===== GIVEN INFORMATION =====

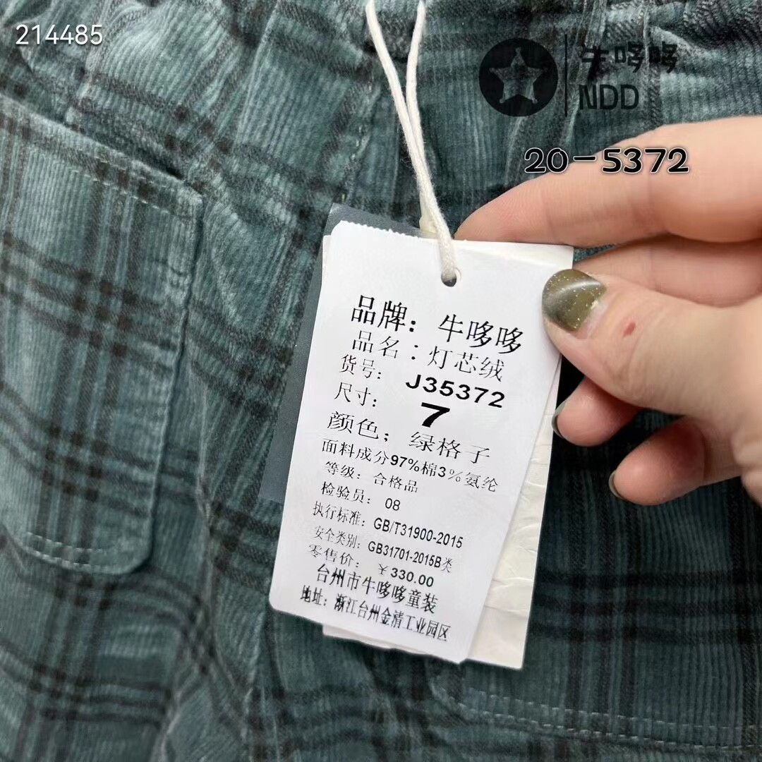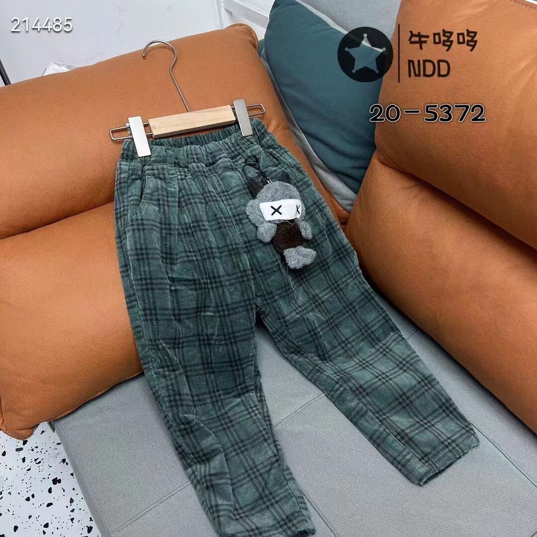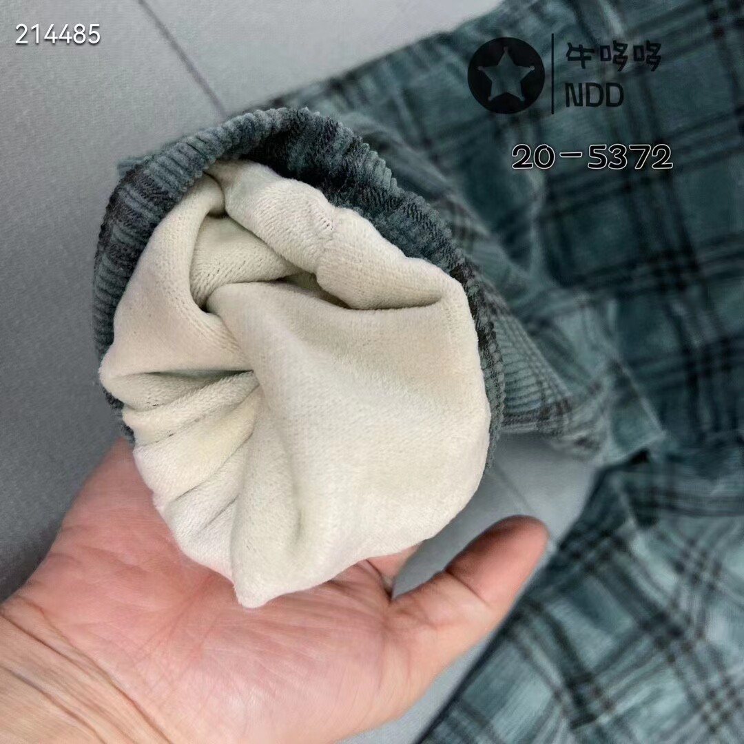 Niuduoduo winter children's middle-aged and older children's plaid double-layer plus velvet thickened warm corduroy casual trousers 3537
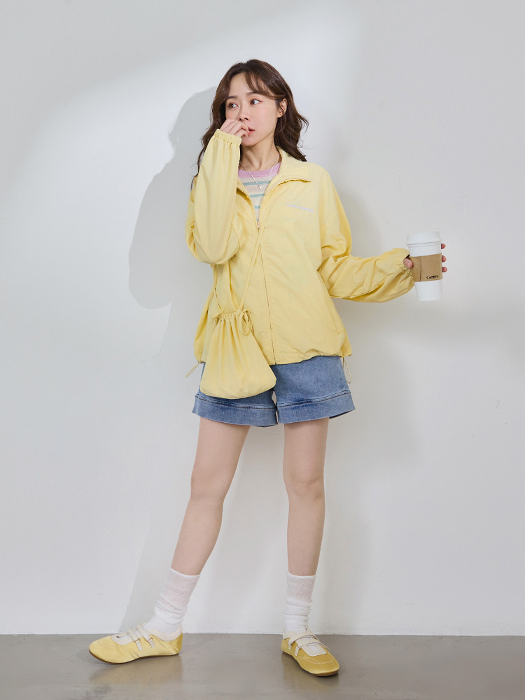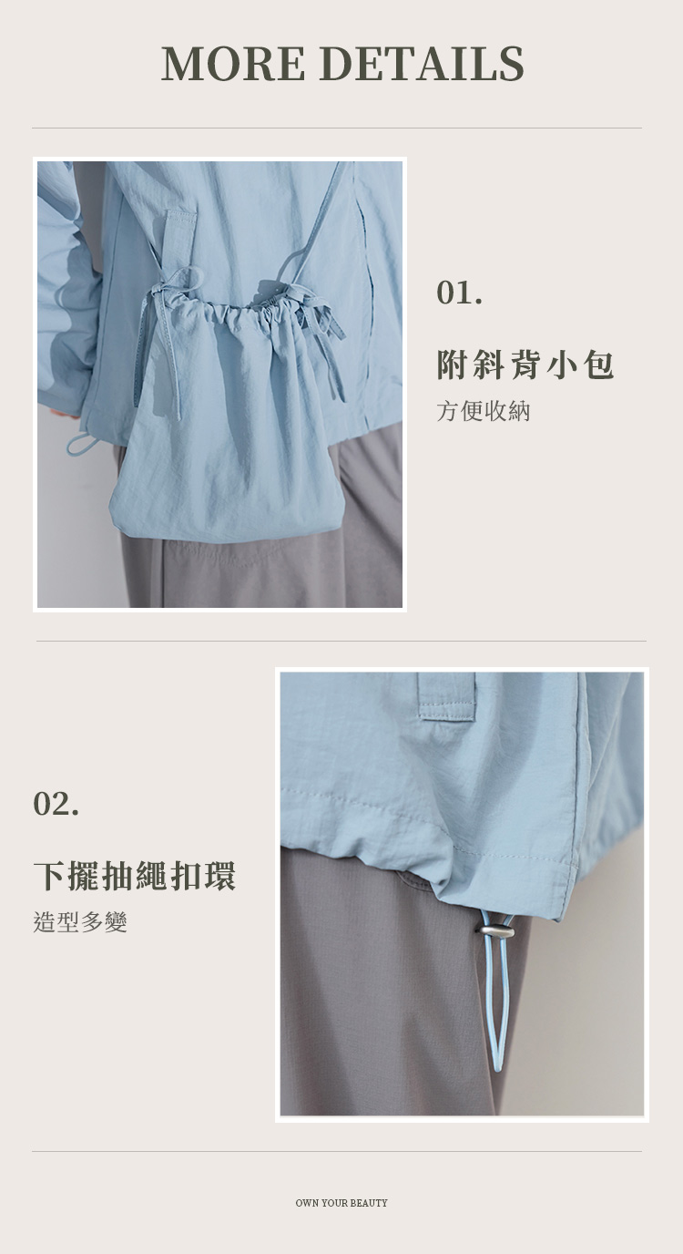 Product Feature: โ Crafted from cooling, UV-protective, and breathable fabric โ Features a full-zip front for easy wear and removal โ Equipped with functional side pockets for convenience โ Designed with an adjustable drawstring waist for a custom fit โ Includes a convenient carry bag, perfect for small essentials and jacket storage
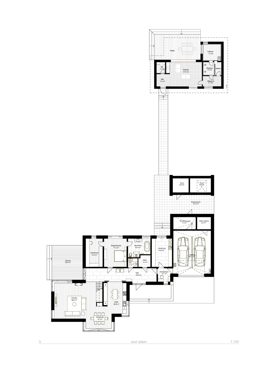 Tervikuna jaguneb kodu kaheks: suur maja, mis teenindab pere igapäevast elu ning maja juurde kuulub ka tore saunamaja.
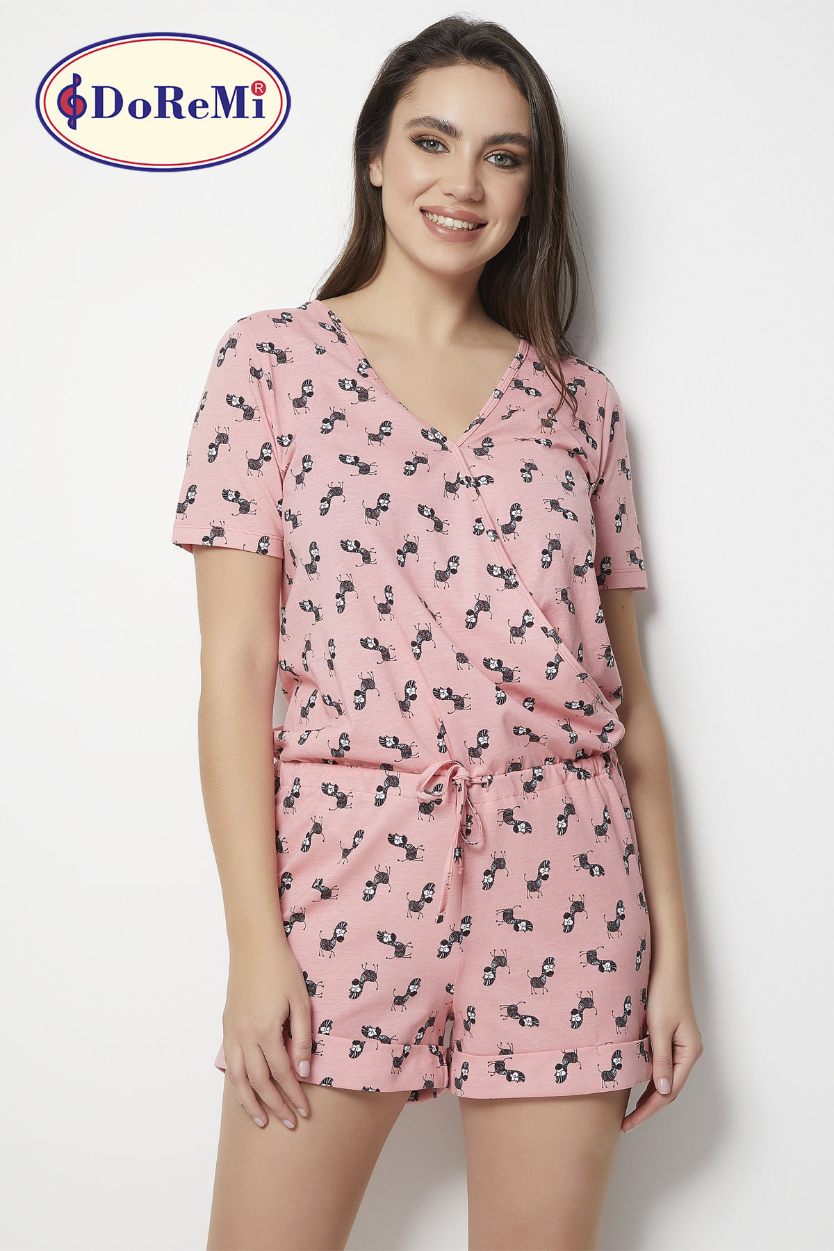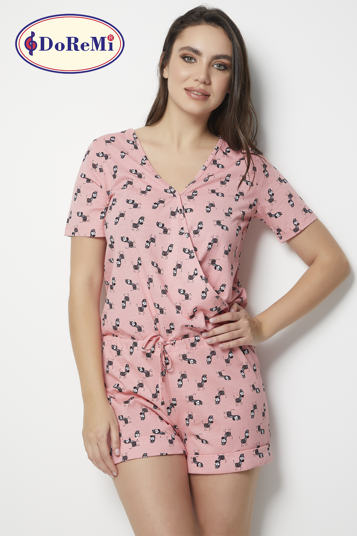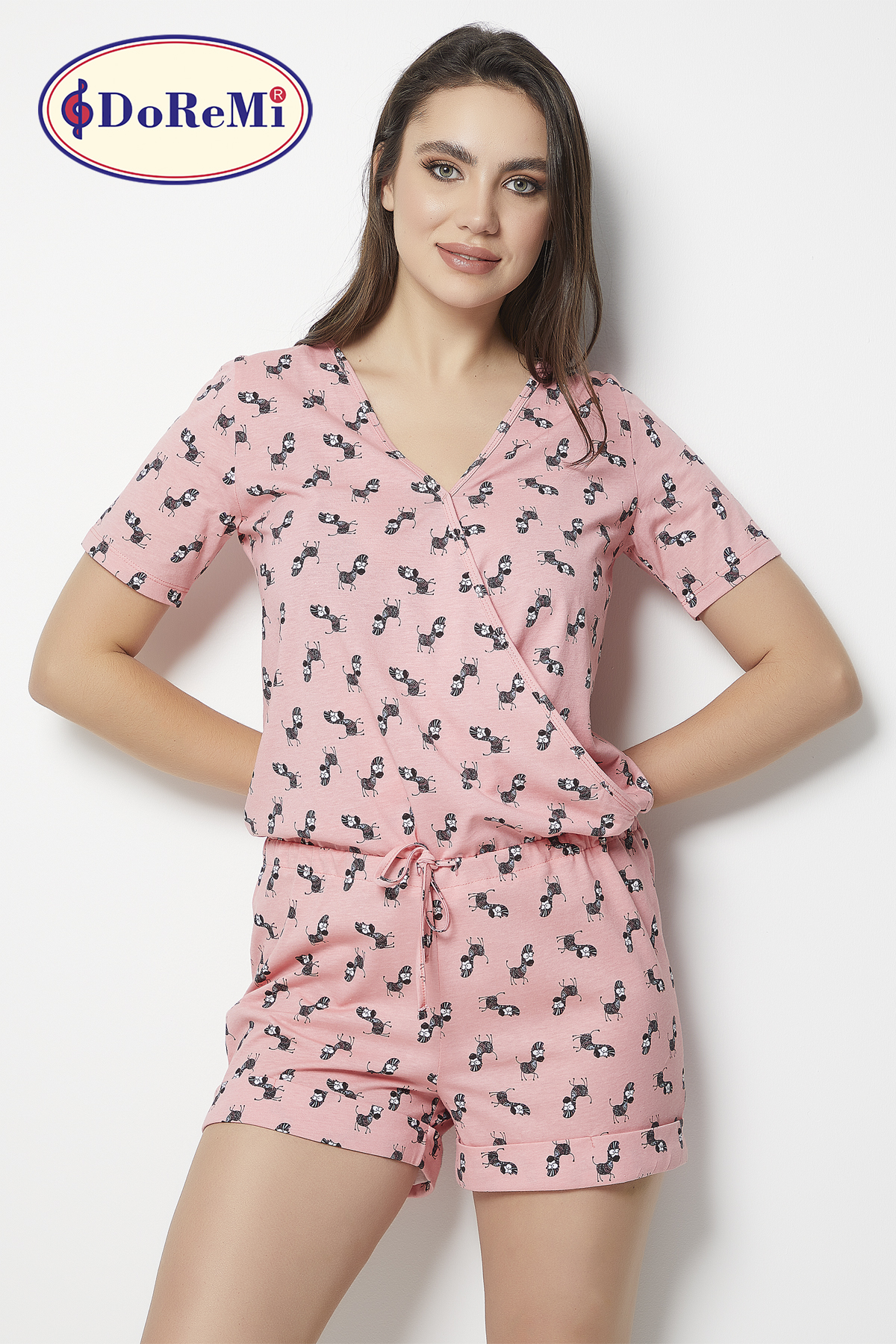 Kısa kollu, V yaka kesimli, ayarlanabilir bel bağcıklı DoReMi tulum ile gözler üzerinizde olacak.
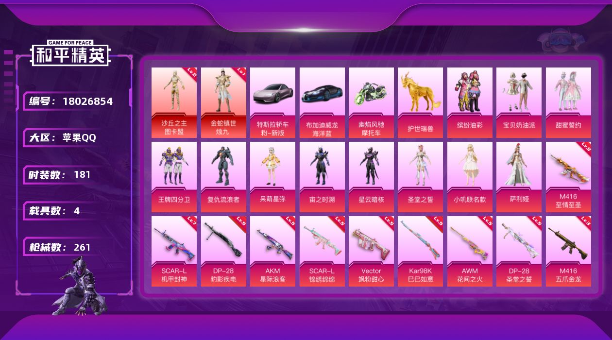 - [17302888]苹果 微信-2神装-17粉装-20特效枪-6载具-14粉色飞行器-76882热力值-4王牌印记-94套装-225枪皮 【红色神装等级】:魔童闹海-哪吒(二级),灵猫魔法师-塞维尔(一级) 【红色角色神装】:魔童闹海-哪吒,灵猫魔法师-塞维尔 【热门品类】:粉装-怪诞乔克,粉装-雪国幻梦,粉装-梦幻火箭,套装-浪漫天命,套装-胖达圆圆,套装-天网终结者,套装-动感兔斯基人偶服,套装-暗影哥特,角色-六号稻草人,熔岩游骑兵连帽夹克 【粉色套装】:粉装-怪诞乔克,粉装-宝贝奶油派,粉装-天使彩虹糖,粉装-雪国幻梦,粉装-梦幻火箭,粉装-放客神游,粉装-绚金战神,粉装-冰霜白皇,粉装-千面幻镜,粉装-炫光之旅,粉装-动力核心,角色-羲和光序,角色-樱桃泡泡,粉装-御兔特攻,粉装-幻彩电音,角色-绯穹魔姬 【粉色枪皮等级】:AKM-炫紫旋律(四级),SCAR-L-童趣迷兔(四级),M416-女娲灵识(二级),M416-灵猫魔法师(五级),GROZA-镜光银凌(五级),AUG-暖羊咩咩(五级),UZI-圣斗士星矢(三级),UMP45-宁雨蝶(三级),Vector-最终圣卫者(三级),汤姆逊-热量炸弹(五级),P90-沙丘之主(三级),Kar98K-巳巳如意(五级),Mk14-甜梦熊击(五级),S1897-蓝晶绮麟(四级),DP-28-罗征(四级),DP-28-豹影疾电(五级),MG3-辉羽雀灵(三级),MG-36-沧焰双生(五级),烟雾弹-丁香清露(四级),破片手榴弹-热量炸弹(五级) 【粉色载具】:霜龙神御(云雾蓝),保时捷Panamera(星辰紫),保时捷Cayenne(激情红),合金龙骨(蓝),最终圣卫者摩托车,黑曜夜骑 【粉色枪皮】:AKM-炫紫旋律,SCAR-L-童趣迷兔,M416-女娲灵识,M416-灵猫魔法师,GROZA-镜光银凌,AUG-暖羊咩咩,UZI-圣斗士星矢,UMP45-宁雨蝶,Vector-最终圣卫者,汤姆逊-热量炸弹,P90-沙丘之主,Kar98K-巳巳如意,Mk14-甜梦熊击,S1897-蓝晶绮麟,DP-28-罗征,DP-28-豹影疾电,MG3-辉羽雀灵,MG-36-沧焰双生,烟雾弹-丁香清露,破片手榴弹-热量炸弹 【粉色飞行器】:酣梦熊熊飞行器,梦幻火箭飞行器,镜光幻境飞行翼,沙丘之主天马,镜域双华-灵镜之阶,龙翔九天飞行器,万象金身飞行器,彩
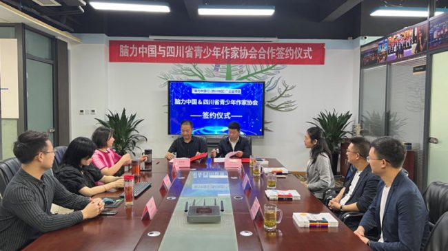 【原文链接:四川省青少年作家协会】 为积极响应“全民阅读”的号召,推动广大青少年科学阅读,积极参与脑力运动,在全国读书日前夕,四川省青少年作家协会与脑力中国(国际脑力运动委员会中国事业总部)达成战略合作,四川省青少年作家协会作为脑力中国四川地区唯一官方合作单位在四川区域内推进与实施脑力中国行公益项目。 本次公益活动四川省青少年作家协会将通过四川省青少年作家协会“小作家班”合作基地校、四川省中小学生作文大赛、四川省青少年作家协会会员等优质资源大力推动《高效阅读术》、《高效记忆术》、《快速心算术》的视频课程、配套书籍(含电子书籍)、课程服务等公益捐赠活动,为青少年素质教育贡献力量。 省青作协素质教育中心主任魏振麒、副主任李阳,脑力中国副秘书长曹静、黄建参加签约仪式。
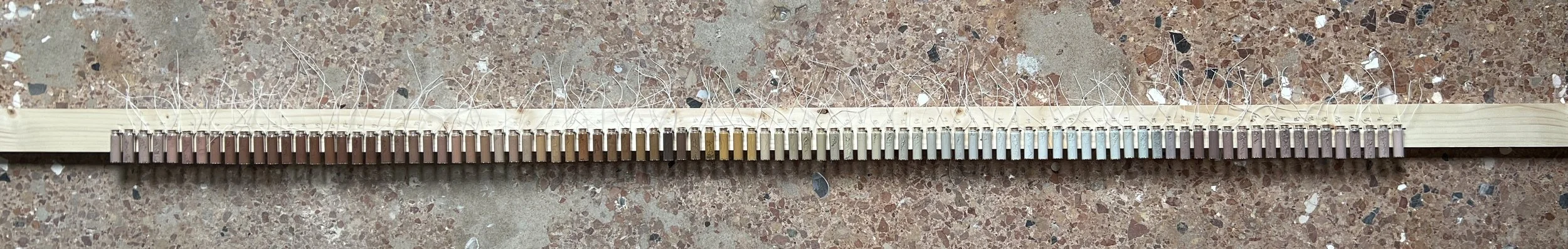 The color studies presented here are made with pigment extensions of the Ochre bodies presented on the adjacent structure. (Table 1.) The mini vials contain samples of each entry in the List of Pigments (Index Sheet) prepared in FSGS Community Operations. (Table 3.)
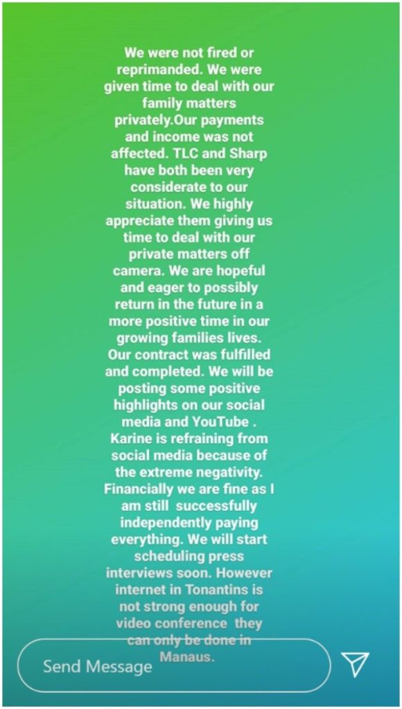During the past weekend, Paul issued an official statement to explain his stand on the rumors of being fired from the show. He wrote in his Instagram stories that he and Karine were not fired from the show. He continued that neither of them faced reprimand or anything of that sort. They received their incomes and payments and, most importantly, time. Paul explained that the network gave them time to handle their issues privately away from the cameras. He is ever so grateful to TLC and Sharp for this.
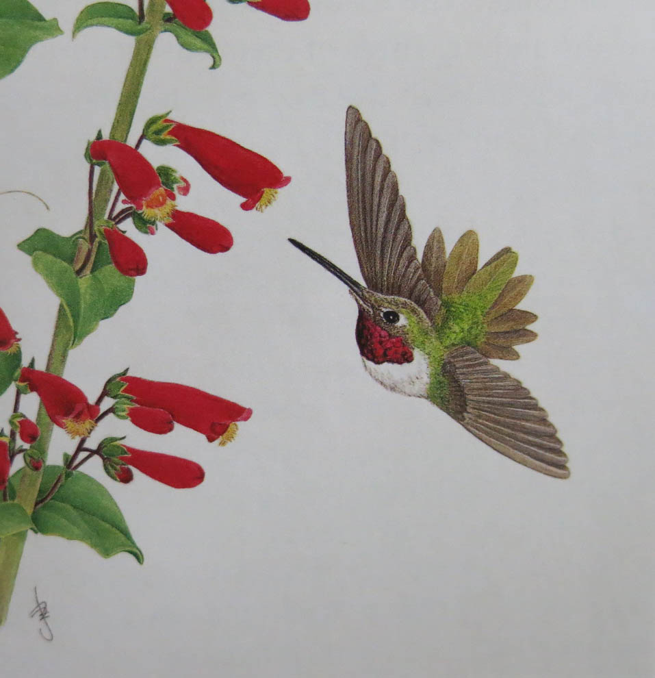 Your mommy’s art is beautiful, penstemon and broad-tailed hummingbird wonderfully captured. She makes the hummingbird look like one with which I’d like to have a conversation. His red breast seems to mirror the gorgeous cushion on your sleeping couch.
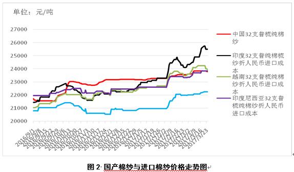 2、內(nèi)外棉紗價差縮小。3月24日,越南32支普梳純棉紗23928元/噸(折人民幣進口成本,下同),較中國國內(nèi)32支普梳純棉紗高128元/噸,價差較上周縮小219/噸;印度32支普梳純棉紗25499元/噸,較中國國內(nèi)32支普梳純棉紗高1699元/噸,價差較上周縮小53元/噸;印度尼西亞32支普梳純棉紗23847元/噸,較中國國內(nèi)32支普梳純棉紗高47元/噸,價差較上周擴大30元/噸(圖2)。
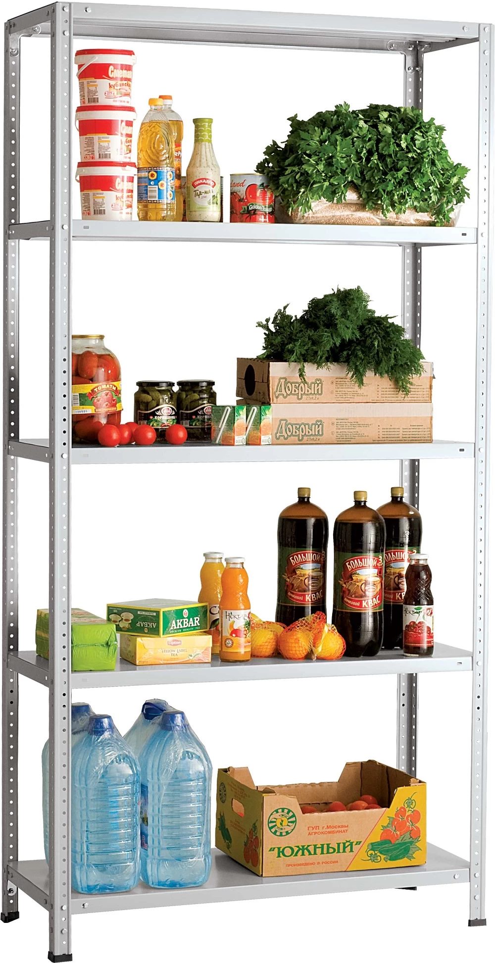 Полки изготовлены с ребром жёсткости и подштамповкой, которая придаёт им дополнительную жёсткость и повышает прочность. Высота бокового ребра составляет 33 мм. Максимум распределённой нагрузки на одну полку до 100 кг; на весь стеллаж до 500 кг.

=====

Output the lines of the data exactly, starting at the first and ending with the line that has "Product Feature: โ". Pictures are not part of it.

### SOLUTION TO THE EXERCISE
 Niuduoduo winter children's middle-aged and older children's plaid double-layer plus velvet thickened warm corduroy casual trousers 3537
 Product Feature: โ Crafted from cooling, UV-protective, and breathable fabric โ Features a full-zip front for easy wear and removal โ Equipped with functional side pockets for convenience โ Designed with an adjustable drawstring waist for a custom fit โ Includes a convenient carry bag, perfect for small essentials and jacket storage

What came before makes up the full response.